Выбрать главу

Дождь все так же продолжает накрапывать, мелкий и пронизывающий. «Веселая улица» уж совсем проснулась. Из «домов», окруженных глухими деревянными заборами, выходят, крадучись при дневном свете, мужчины — японцы, европейцы и, изредка, богатые китайцы в черных шелковых сюртуках, с солидными брюшками… Появляются зеленщики, разносчики, рыскают, хлопая босиком по грязи, рикши…

Женщины в клетушках прихорашиваются у зеркал. Раздевшись догола, они моются горячей водой в больших медных тазах, красятся и пудрятся, превращая свои подвижные бронзовые лица в бледно-розовые кукольные маски. В коридоре японец-парикмахер сосредоточенно-серьезно причесывает нагих женщин, ловко перебирая костлявыми, худыми пальцами длинные, иссиня-черные космы волос. Здесь же наблюдает за порядком экономка, — пожилая японка в распахнутом сине-полосатом кимоно, с изъеденным оспой лицом.

Прохожие, большей частью, — военные, скидывая в маленькой передней обувь, обходят ряды раскрытых настежь клетушек по обеим сторонам длинного коридора. Умывающиеся нагие и полунагие женщины, не стесняясь, продолжают делать свой туалет, оживленно разговаривая с знакомыми клиентами. Закончивши обычный утренний туалет, одетые женщины выходят в обширную залу-приемную и высаживаются напоказ на мягких шелковых подушках на полу, покрытом белыми толстыми циновками.

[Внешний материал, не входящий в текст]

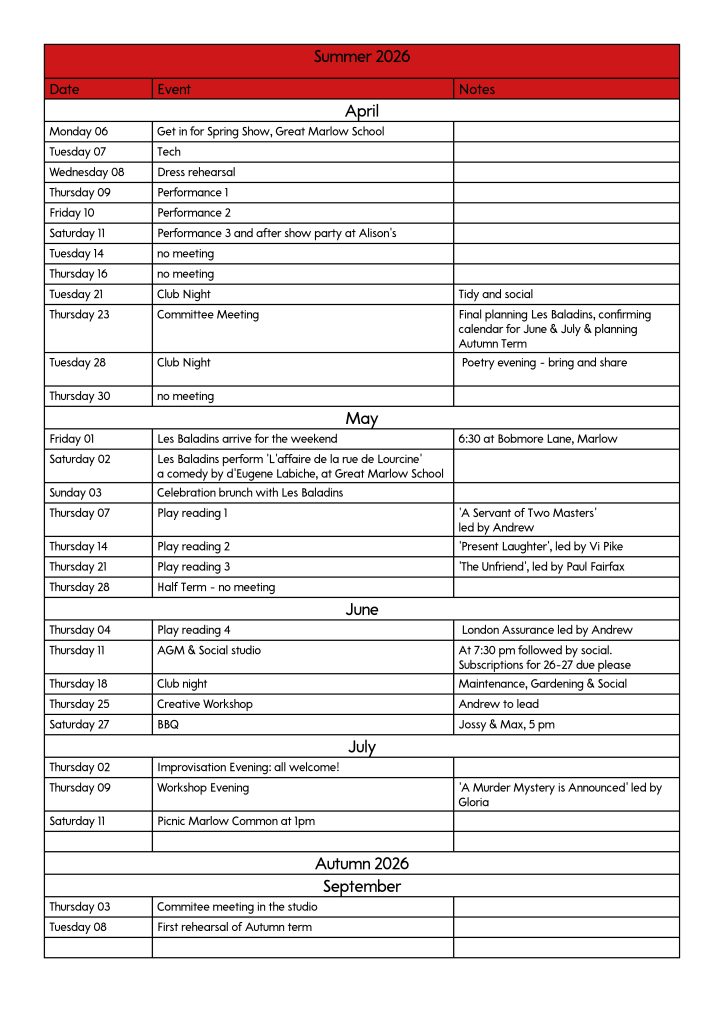 If you would like any more details of the above events and rehearsals please contact Hilary, our membership secretary at secretary@marlowplayers.org.uk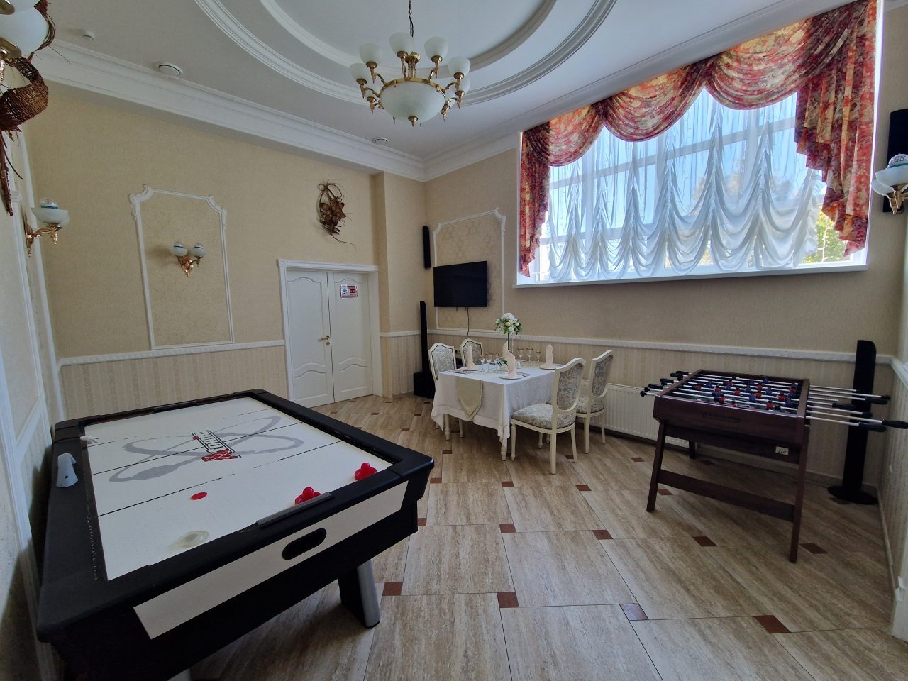 Прекрасный отель с хорошим сервисом. Мы с мужем отмечали юбилей и остались довольны как банкетным залом, так и едой. Оформление было очень красивое. Номер убрали качественно. Матрас комфортный для сна. Понравилось, что территория у отеля красивая и ухоженная. Есть развлечения на любой вкус. Поиграли несколько раз в аэрохоккей. В общем эмоции и впечатления остались только положительные. Благодарим персонал!

Стены приемной украшены пестрыми японскими веерами, гравюрами и картинами в красках нагих европеянок и японок. В углах стоят пестрые ширмы, вдоль стен — черные лакированные комоды с миниатюрными ящичками, этажерки и маленькие «таберо», уставленные игрушечными чайными приборами. От электрических лампионов под потолком, окруженных красными абажурами, льется мягкий, приятный свет, оттеняющий предметы и лица людей теплыми розовыми тенями. Две большие зеленые терракотовые вазы-хибачи с широкими отверстиями, наполненные тлеющими деревянными углями, пышут одуряющим угарным теплом…

После обеда, впервые за все свое двухнедельное пребывание в «доме», Синово вышла в приемную. Подруги окружили девушку и шепотом стали посвящать ее в детали своей профессии… Синово слушает молча, безучастно глядя на окружающих большими, удивленными глазами. В раскрытые двери виднеется клочок темного свинцового неба и девушка исходит тоской, вспоминая свою милую родину, прекрасную Нагойю.

Ненастный, холодный день гонит мужчин в тепло, к любви… Они входят в мокрых, пропахших сыростью пальто и пледах и скучные, бесстрастные, садятся на шелковых подушках вдоль стен, попыхивая папиросами. Девушки лениво заигрывают с ними, грея руки над тлеющими угольями, обмениваются вежливыми, церемонными фразами о погоде, о последних новостях с родины. С улицы доносятся одинокие, гулко чмокающие шаги прохожих и ритмическое постукиванье гетт по деревянным мосткам. Греясь над хибачем, мужчины вкрадчиво приглядываются к женщинам, зябкие и невеселые, холодно-расчетливые, как скупые крестьяне на конской ярмарке… Посидев некоторое время на корточках пред огнем, они прямо направляются к избранной девушке и, мягко шлепая в носках по циновкам, не спеша плетутся в каморку…

Вскоре Синово пригласил молодой японский офицерик в новенькой нарядной форме, блестящей золотыми галунами и медными пуговками, красивый и застенчивый, слегка бледный от волнения. Синово благодарно улыбнулась ему влажными глазами и, в замешательстве, стала оправлять на себе кимоно вздрагивающими руками. Медленно приподнявшись, она пошла вперед, мелькая короткими белыми носками, угловато-упругая и радостно взволнованная, чувствуя красивого молодого офицера за спиною. По пути, в коридоре, у дверей ее клетушки, хозяйка окликнула ее. Через короткое время к офицеру вышла старая экономка и предложила ему взять другую девушку. Молодой человек пробормотал что-то заплетающимся языком и, сконфуженный, вышел в приемную, не зная, куда деваться от любопытных взглядов женщин и гостей…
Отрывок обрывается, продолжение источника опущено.